Ahead of him, sunlight was dazzling on the waters of the canal that lapped against the sea wall. Even the dark sunglasses he was wearing couldn’t entirely protect his eyes from the glare of the bay beyond.
There was a banyan tree beside the patio, its gnarled branches almost invisible beneath trailing blossoms of flowering vines. His father’s sailing dinghy was tied to the dock, rocking gently at its mooring. He could smell the dampness of the vegetation growing out of the waterway and the unmistakeable scent of the sea.
It was all very beautiful and very peaceful, but Matt had had enough of being treated like an invalid. To begin with, it had been quite pleasant to be waited on hand and foot, but now his mother was beginning to get on his nerves. She made no attempt to hide her disapproval when he went and bench-pressed his own weight in the gym. She really didn’t want to accept that he was feeling fine.
As witness her reluctance to let him use a computer.
His own laptop and phone had been stolen while he was in the hospital in Caracas, and to begin with he couldn’t have cared less. The tropical fever that had struck him down during his trip to Venezuela had been very unpleasant, and he’d needed all his strength to defeat it. But his mother wouldn’t accept that he was over that now, and she was doing everything in her power to keep him here in Coral Gables.
The only fly in her ointment was that his father had abandoned his retirement and taken over the New York office of Novak Oil Exploration and Shipping again. Matt’s job until three months ago.
He scowled. Not that he objected to that. He’d already decided that spending the rest of his life in a boardroom wasn’t for him. Now he had to convince his parents of the fact.
However that wasn’t all that was bugging him at this moment. Despite the many emails he’d asked his mother to send to his estranged wife who lived in London, Joanna hadn’t responded to any of them.
Yes, she was probably still mad at him. He got that. But didn’t she care now if he lived or died? It seemed not, and, although he had replaced his iPhone, she’d changed her number after their separation.
He could have rung the gallery where she was working, but he had no desire to speak to David Bellamy. He had more pride than to admit he didn’t have his wife’s new number. But he was planning to leave for London at the end of the week. The sooner he could speak to her in person, the better.
The sound of a car’s engine broke the silence.
Matt stiffened, wondering who was visiting his mother today. Then he remembered. His sister, Sophie, who was staying with them at the moment, had gone into Miami to see one of her friends off at the airport. He thought the engine was that of his mother’s little Mazda, but, at the sound of more than one pair of footsteps coming along the paved pathway from the front of the house, he wondered who the hell Sophie had brought back with her.
Not another woman for him to admire, he hoped. He’d had his fill of his mother’s attempts to interest him in some well-connected girl. He and Joanna might be having their problems, but they were still married and he firmly believed they’d eventually work their issues out.
But it wasn’t a friend of Sophie’s. Well, only indirectly.

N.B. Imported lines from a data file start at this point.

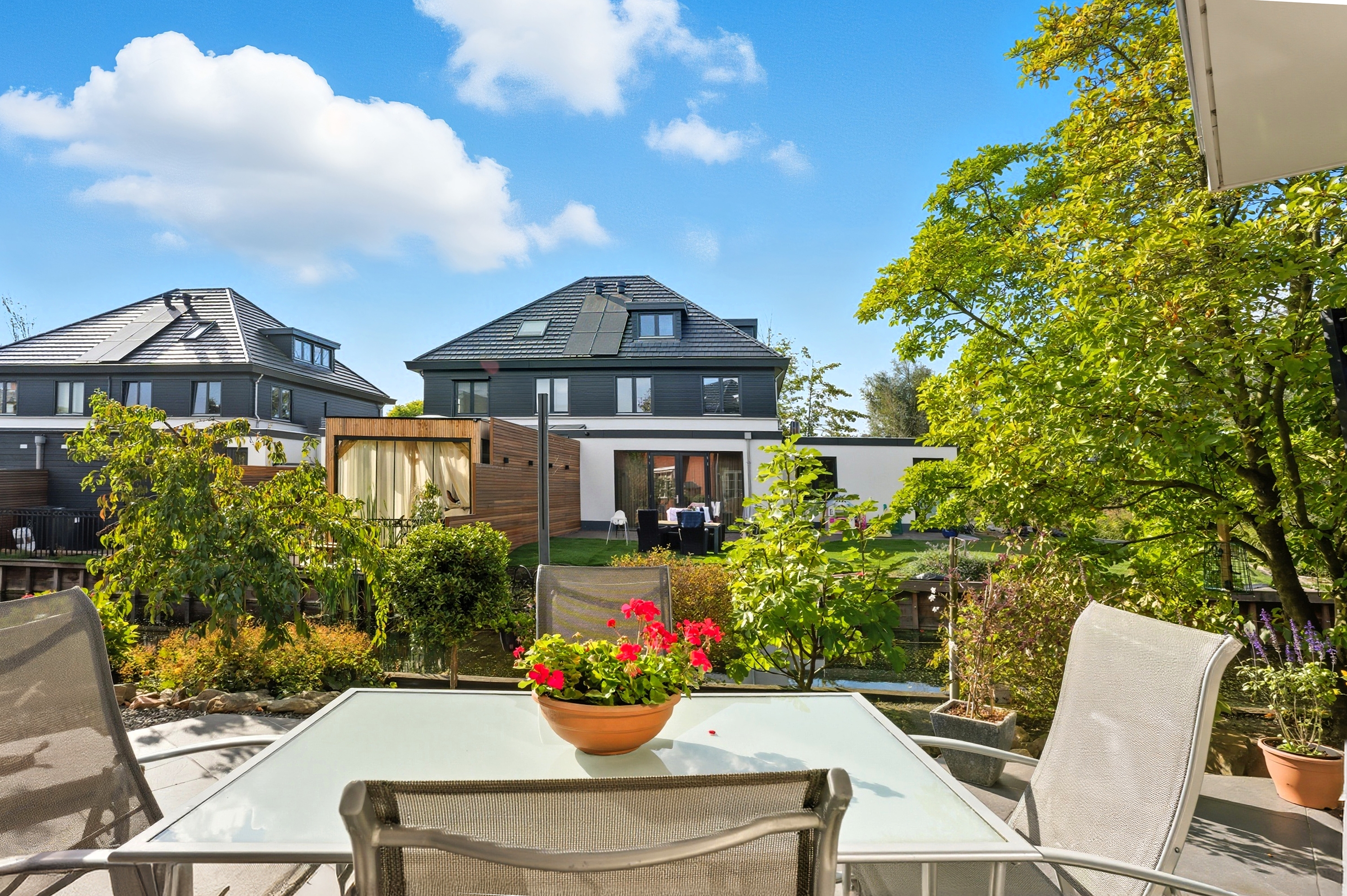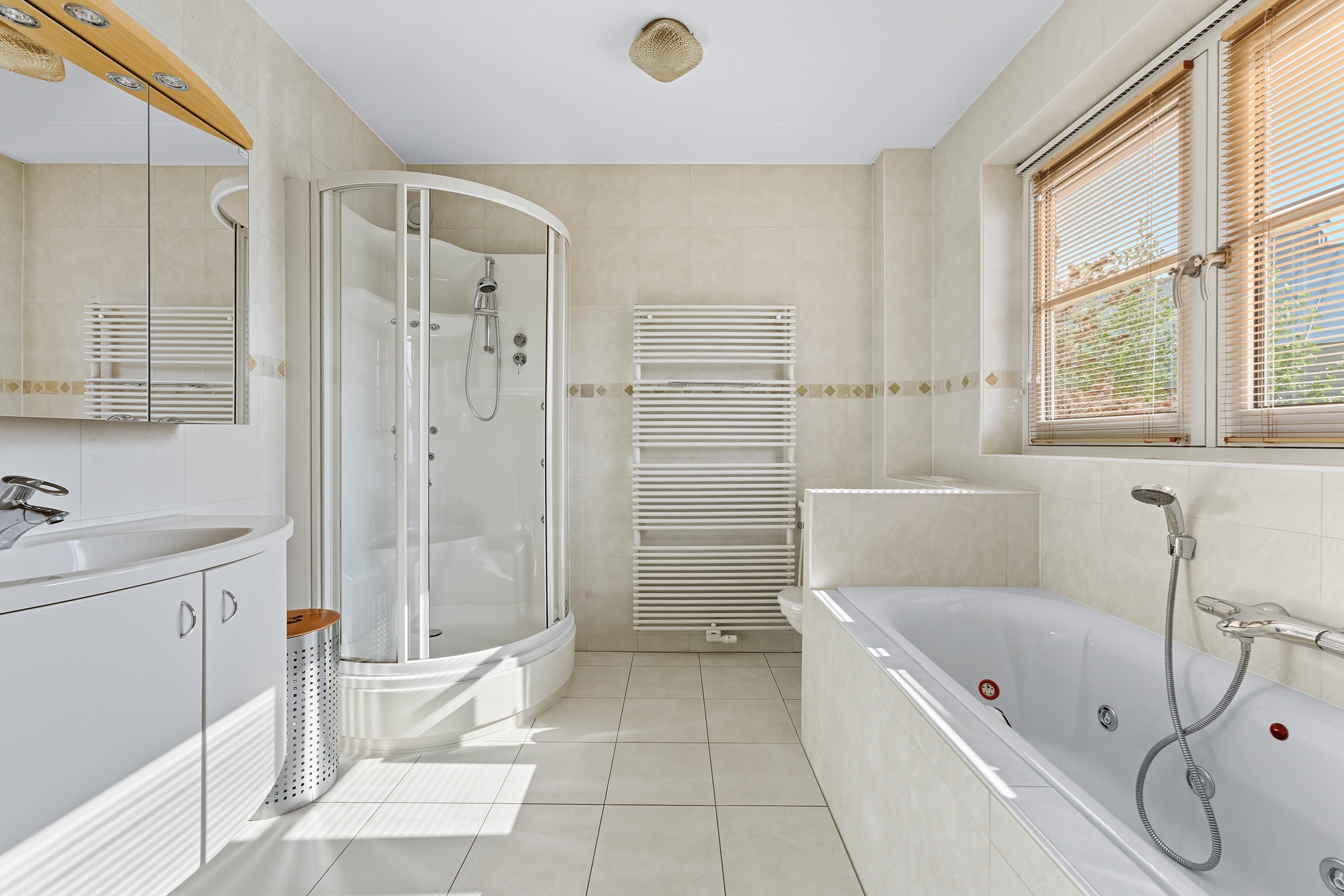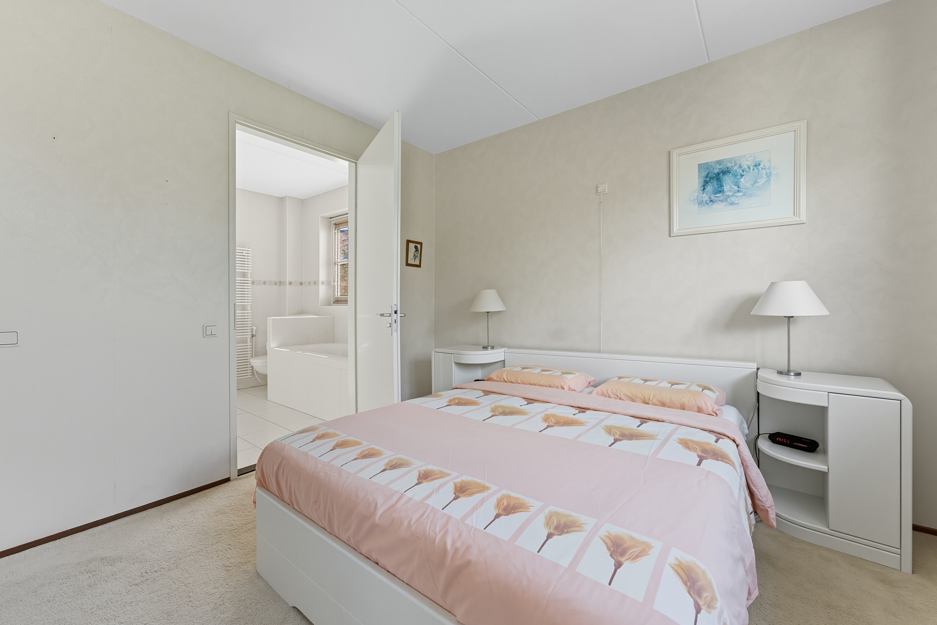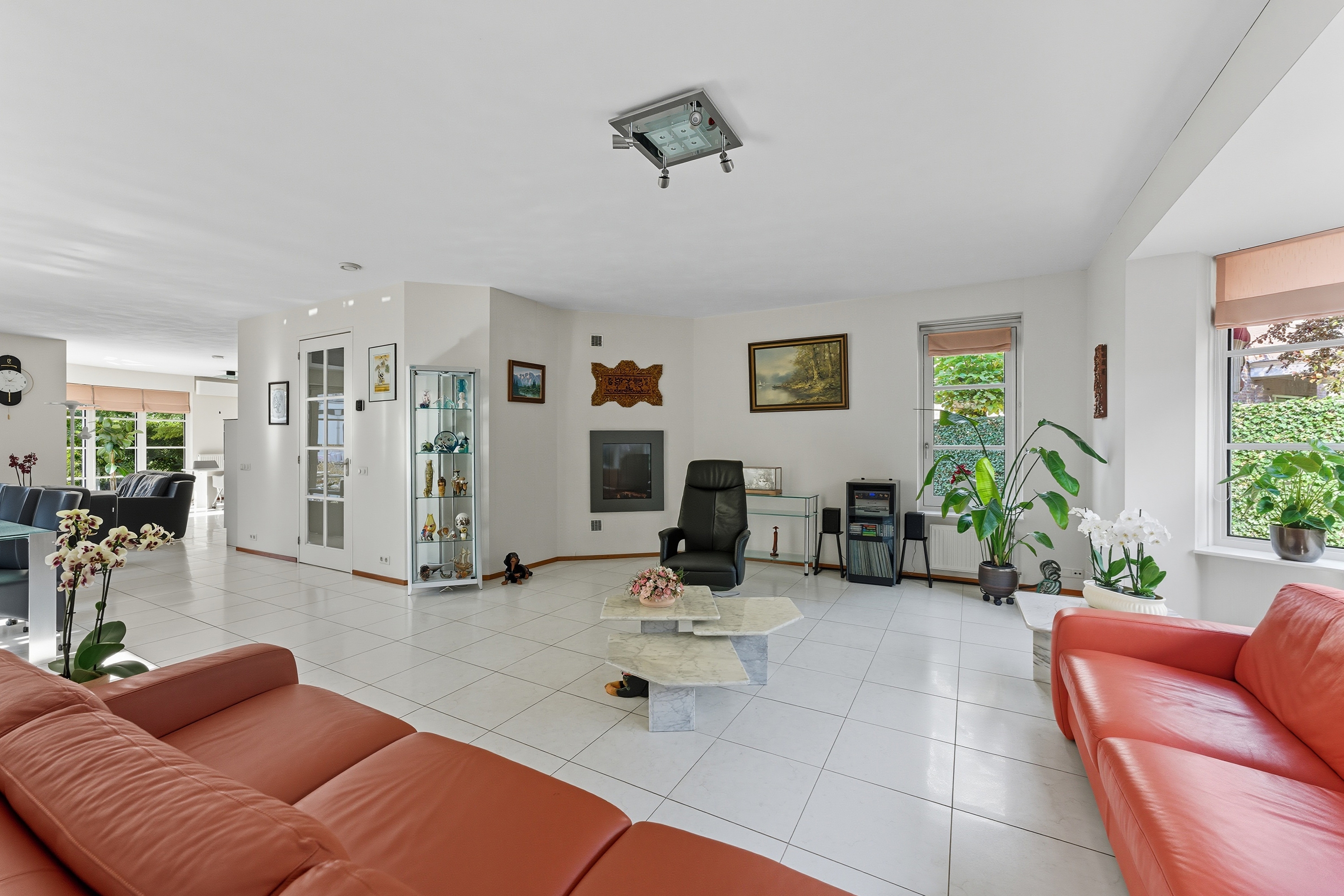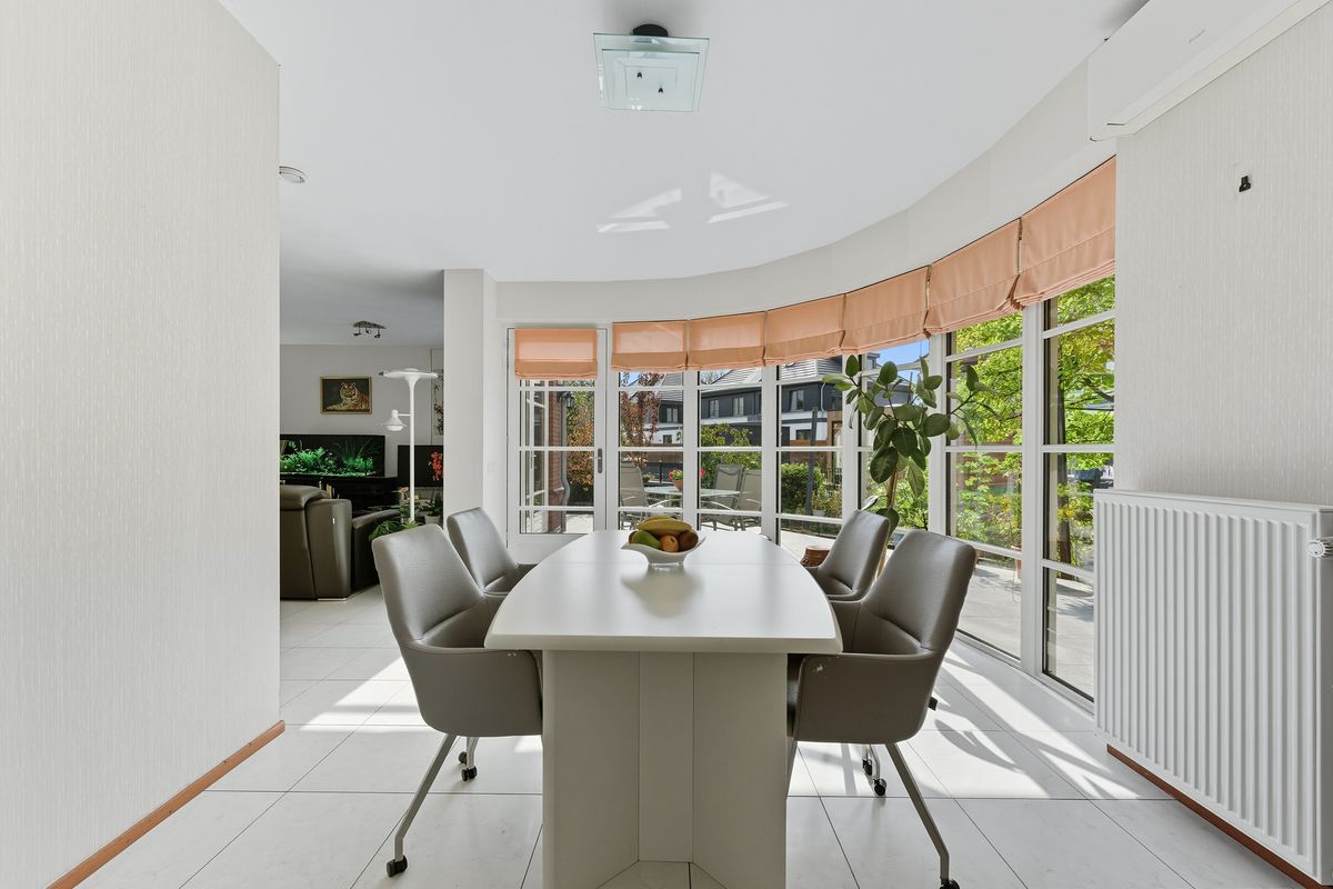 De royale woonkamer is een heerlijke, lichte leefruimte met een sfeervolle erker en grote raampartijen rondom. Vanuit elke hoek kijk je uit over groen en water, wat zorgt voor een rustgevende sfeer. De vloer is voorzien van lichte vloertegels met vloerverwarming en de afwerking is tot in de puntjes verzorgd. Er zijn openslaande deuren wat een fijne verbinding geeft met de tuin.
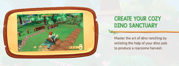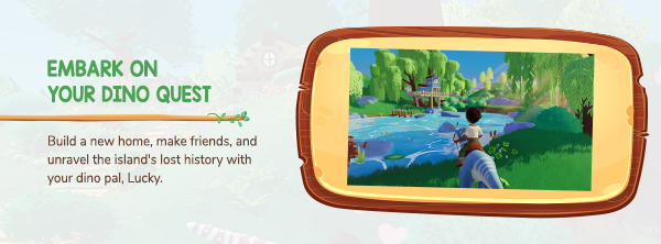 Set out with your dino companion, Lucky, to uncover the island’s secrets and discover new dinos. Your arrival on the island is met with welcome curiosity by the local townsfolk who can help you on your quest (and just might give you more work to do!). Together with Lucky, build a thriving ranch, assist local villagers, befriend adorable dinosaurs, and unearth the island’s lost history to build your cozy dino sanctuary.
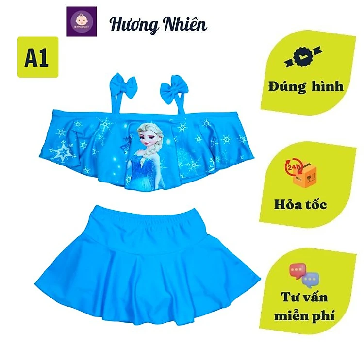 Đồ bơi hai mảnh cho bé gái hình Elsa từ 10-39kg - áo 2 dây có kết hoa quần giả váy tạo kín đáo
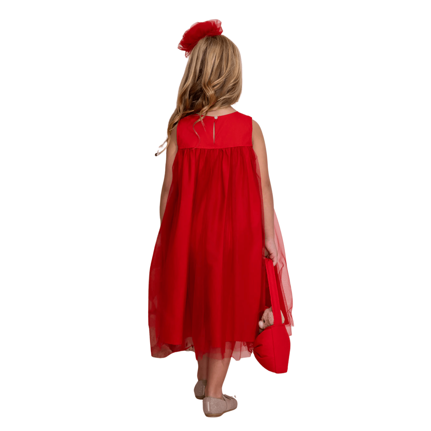 O vermelho vibrante faz deste vestido a escolha ideal para celebrações marcantes — como Natal, festas, formaturas, aniversários e apresentações. O caimento confortável permite que a menina se movimente com liberdade, mantendo o visual impecável e elegante durante todo o evento.
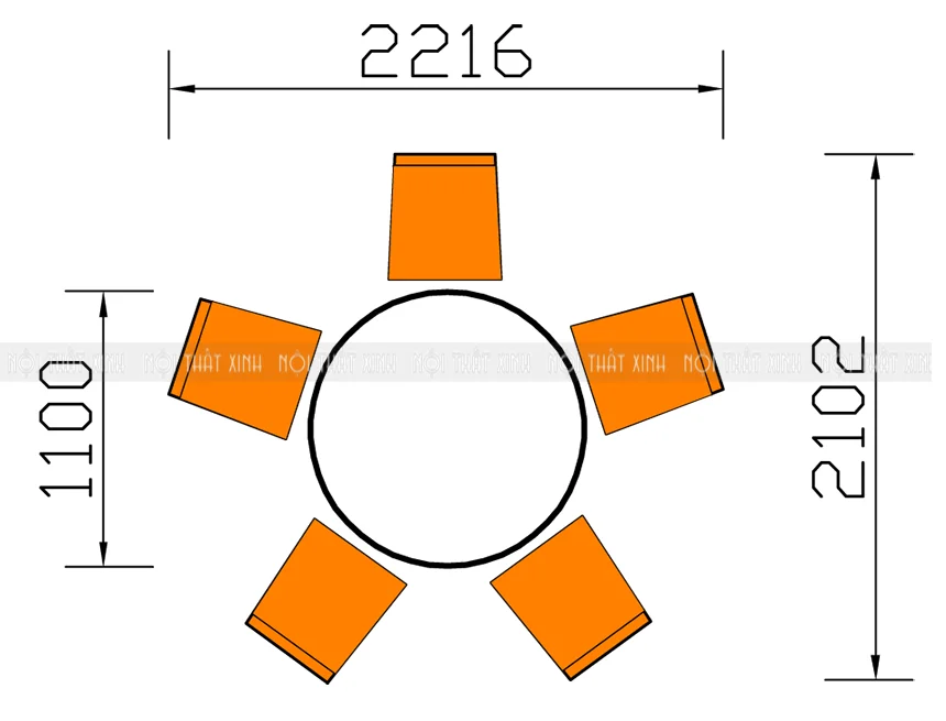 - Đối với dạng bàn ăn tròn thì kích thước đường kính khoảng 1200mm.
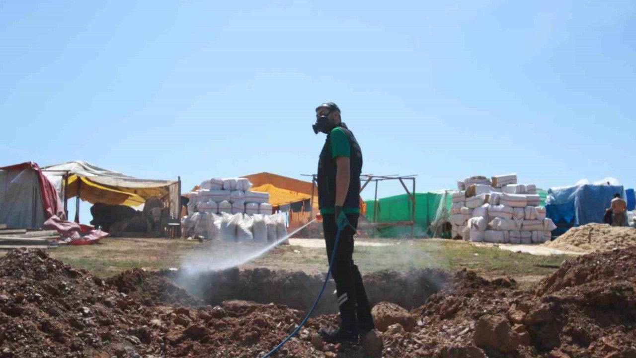 Bu alanlarda gerçekleştirilen ilaç uygulamasıyla da hayvan giriş ve çıkışlarında çevreden gelebilecek karasinek, sivrisinek larvaları, kene gibi zararlı risklerinin önüne geçiliyor. İlaçlama uygulaması, çevre ve insan sağlığına zarar vermeyen Sağlık Bakanlığı onaylı biyosidal ürünlerle yapılırken, hayvan dışkı biriktirme bölgeleri de Veteriner Hizmetleri Şube Müdürlüğü ekipleri tarafından ilaçlanıyor. Ayrıca çadır etrafları ilaçlanırken, önlerine de karasinek ve sivrisinek için tuzak çuvalları asılıyor.
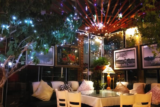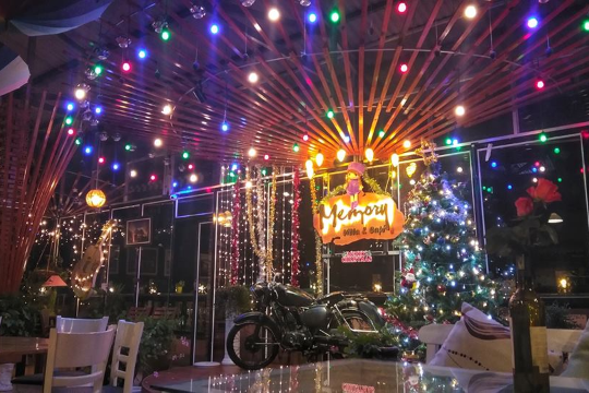 Không gian sân vườn bao quanh với nhiều loài hoa đặc trưng như Tường Vy, Cẩm tú cầu, hoa hồng… Memory cà phê còn có cổ xe ngựa màu tím rất dễ thương cho mọi người tha hồ chụp hình. Không gian quán phải nói rất rộng, trong nhà có khu vực ấm cúng và yên tĩnh hay không gian ngồi hành lang ngắm về tu viện cổ. Bạn tha hồ thưởng thức cà phê và ăn uống ở đây. Vào ban đêm quán phục vụ nhạc Acoustic với các bản tình ca bất hũ của Vũ Thành An, Trịnh Công Sơn, Lam Phương… đều được các ca sỹ của quán cà phê nhạc Trịnh Memory phục vụ hàng đêm từ 19h30-21h30 và khán giả yêu nhạc có thể cùng giao lưu một cách vui vẻ.
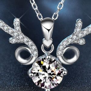 925 Sterling Silver Moissanite Deer Antler Pendant Necklace
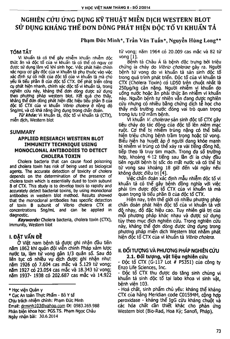 Nghiên cứu ứng dụng kỹ thuật miễn dịch Western Blot sử dụng kháng thể đơn dòng phát hiện độc tố vi khuẩn tả
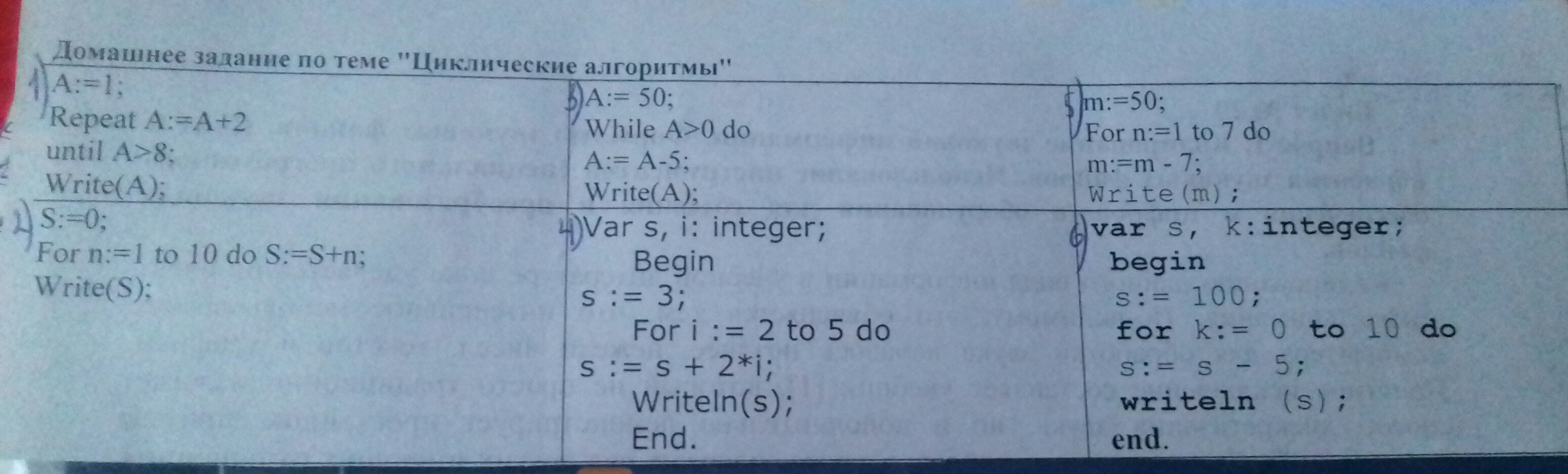 там решение должно быть... например в 5 задании. n=1 ;m=50-7;m=43. n=2;m=43-7;m=43. вот и т.д.. я только решила 5 номер. остальное я забыла решение..

The young woman following his sister was far more familiar to him. Tall and slim, yet with a curvaceous figure, shown to effect in an open-necked silk shirt and a swirly skirt that ended just above her knees, she looked stunning. A sexy riot of sun-streaked hair curled about her shoulders, and she met his startled gaze with wary violet eyes.
The last time he’d seen his estranged wife had been at her father’s funeral nine months ago. Though on that occasion she hadn’t known he was there. Before that, it had been when she’d walked out of their London apartment. She’d sworn then she never wanted to see him again, and yet here she was.
Halleluiah!
Sophie looked anxious, he thought. ‘Look who I found at the airport,’ she exclaimed, trying for a cheerful tone, and Matt got instantly to his feet.
For her part, Joanna was on edge. She hadn’t wanted to come here, to Matt’s parents’ house. Not like this. She needed to speak to her husband, of course she did, but she’d booked herself a room for the night at a hotel on Miami Beach and she’d been hoping to invite Matt to join her for dinner that evening. Turning up here, unannounced, had not been her intention.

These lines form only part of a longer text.